> _Brief_:
Produce a word-for-word copy of the lines from the one that contains "आप सभी का इस" to the final line of the data below, with all pictures dropped.

> _Dataset records_:
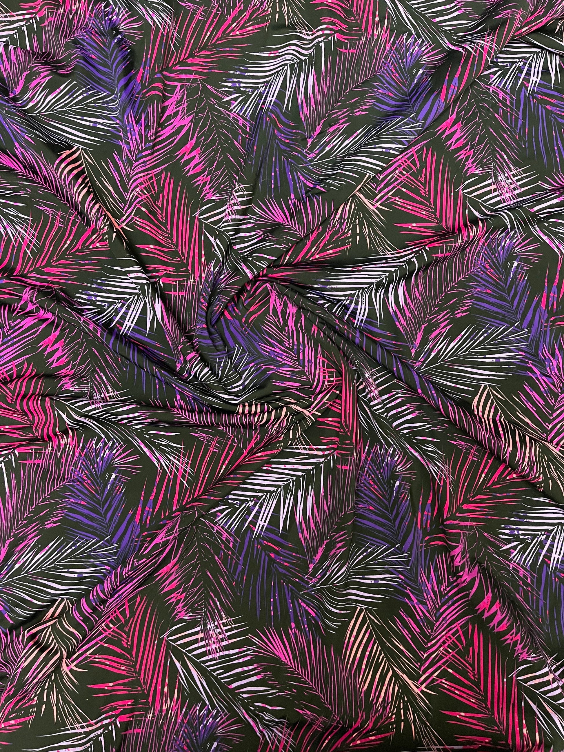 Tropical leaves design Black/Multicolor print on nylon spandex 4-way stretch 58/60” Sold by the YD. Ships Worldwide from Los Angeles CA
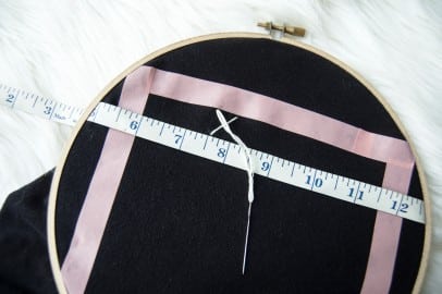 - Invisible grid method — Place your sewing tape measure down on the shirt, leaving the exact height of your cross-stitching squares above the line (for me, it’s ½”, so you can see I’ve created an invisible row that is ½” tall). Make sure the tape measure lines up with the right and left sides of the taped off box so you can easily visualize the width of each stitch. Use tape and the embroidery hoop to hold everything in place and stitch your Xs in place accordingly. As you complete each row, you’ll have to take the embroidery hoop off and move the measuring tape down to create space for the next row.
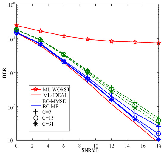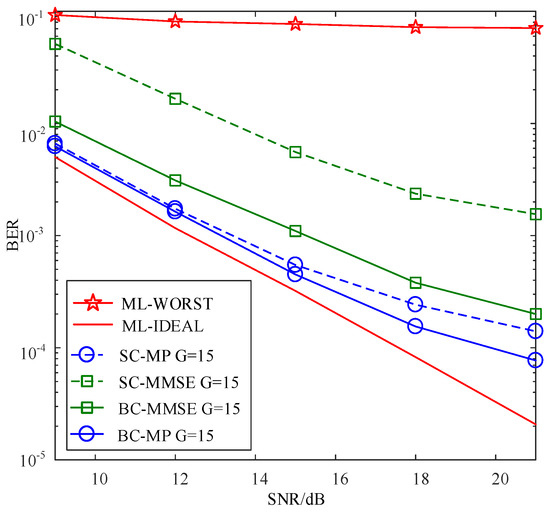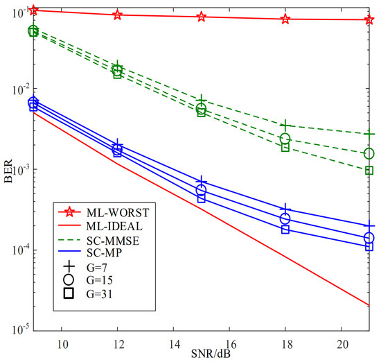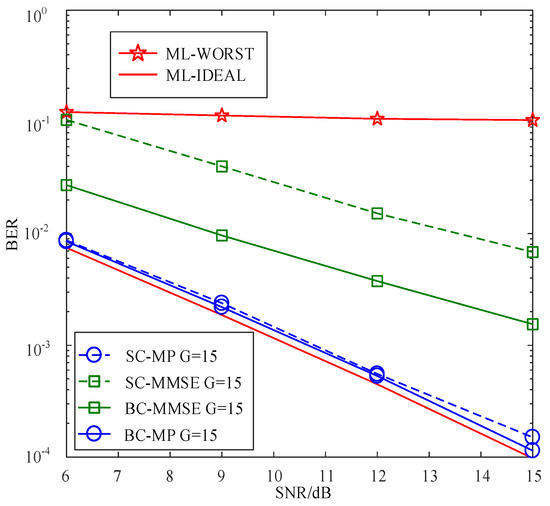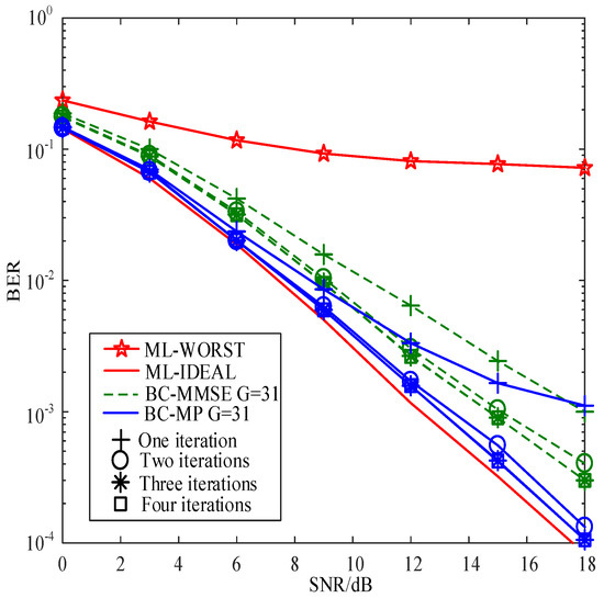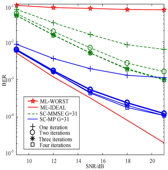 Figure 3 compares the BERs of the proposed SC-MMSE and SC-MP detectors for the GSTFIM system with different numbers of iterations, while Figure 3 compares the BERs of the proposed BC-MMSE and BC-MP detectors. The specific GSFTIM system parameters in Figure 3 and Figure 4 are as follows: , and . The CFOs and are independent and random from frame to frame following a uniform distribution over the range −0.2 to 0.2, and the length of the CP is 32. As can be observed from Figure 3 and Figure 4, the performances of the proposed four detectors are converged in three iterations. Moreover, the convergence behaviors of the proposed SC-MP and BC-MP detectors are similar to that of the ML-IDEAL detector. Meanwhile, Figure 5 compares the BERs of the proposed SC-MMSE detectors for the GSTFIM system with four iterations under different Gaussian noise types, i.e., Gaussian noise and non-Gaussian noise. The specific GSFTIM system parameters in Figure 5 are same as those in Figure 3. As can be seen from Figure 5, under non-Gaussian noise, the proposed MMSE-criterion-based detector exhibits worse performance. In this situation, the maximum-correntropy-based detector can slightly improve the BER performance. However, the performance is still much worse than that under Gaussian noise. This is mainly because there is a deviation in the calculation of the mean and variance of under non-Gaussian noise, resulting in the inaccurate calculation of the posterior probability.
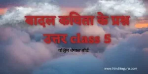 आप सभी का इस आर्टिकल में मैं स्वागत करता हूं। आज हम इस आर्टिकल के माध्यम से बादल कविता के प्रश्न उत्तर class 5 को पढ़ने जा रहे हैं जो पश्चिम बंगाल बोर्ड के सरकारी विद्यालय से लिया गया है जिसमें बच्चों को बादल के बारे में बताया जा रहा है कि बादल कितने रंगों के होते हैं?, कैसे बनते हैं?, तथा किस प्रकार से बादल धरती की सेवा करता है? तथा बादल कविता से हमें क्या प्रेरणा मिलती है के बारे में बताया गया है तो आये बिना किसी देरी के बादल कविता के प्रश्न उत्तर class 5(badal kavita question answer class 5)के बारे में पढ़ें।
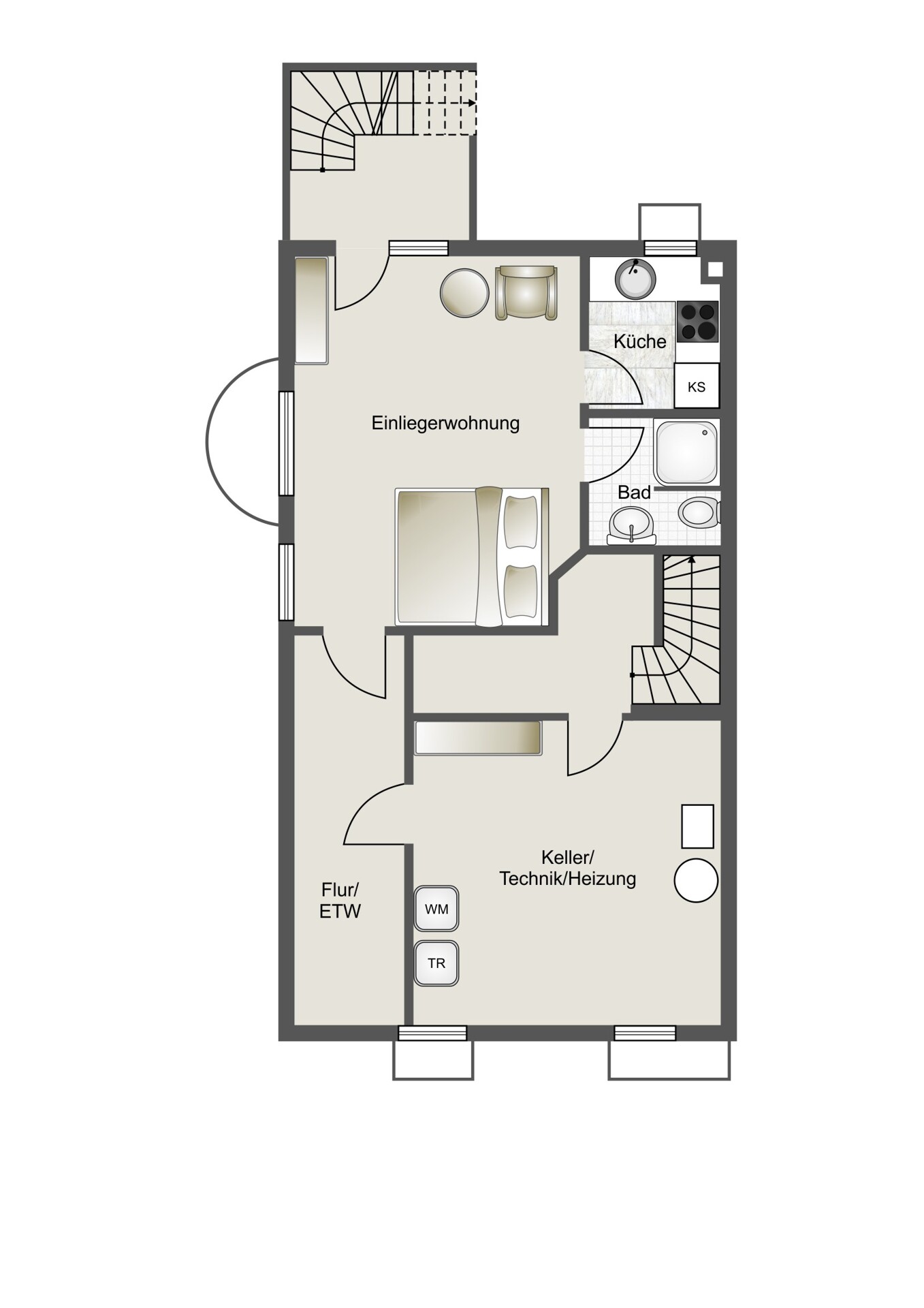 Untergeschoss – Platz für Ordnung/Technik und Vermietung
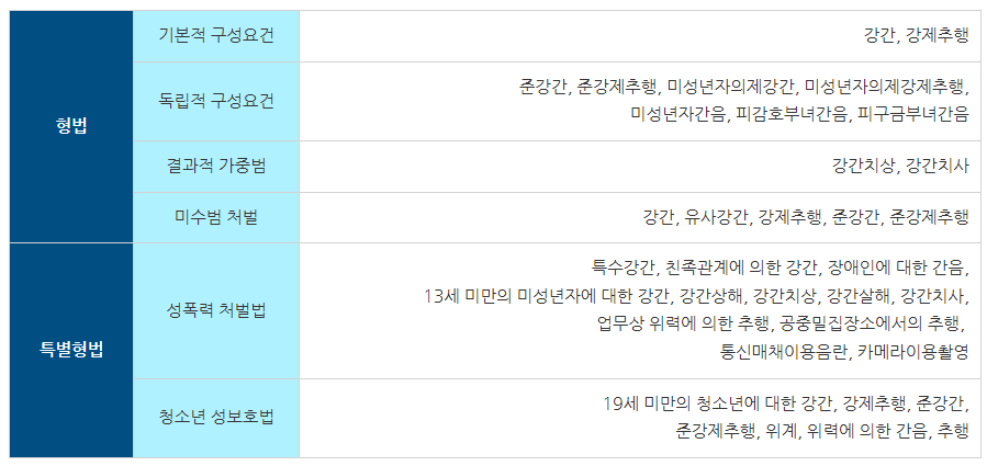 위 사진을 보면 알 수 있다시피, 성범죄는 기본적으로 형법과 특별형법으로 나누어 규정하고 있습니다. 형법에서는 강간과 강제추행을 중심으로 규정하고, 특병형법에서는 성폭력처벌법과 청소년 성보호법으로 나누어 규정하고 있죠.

> _Response area_:
 आप सभी का इस आर्टिकल में मैं स्वागत करता हूं। आज हम इस आर्टिकल के माध्यम से बादल कविता के प्रश्न उत्तर class 5 को पढ़ने जा रहे हैं जो पश्चिम बंगाल बोर्ड के सरकारी विद्यालय से लिया गया है जिसमें बच्चों को बादल के बारे में बताया जा रहा है कि बादल कितने रंगों के होते हैं?, कैसे बनते हैं?, तथा किस प्रकार से बादल धरती की सेवा करता है? तथा बादल कविता से हमें क्या प्रेरणा मिलती है के बारे में बताया गया है तो आये बिना किसी देरी के बादल कविता के प्रश्न उत्तर class 5(badal kavita question answer class 5)के बारे में पढ़ें।
 Untergeschoss – Platz für Ordnung/Technik und Vermietung
 위 사진을 보면 알 수 있다시피, 성범죄는 기본적으로 형법과 특별형법으로 나누어 규정하고 있습니다. 형법에서는 강간과 강제추행을 중심으로 규정하고, 특병형법에서는 성폭력처벌법과 청소년 성보호법으로 나누어 규정하고 있죠.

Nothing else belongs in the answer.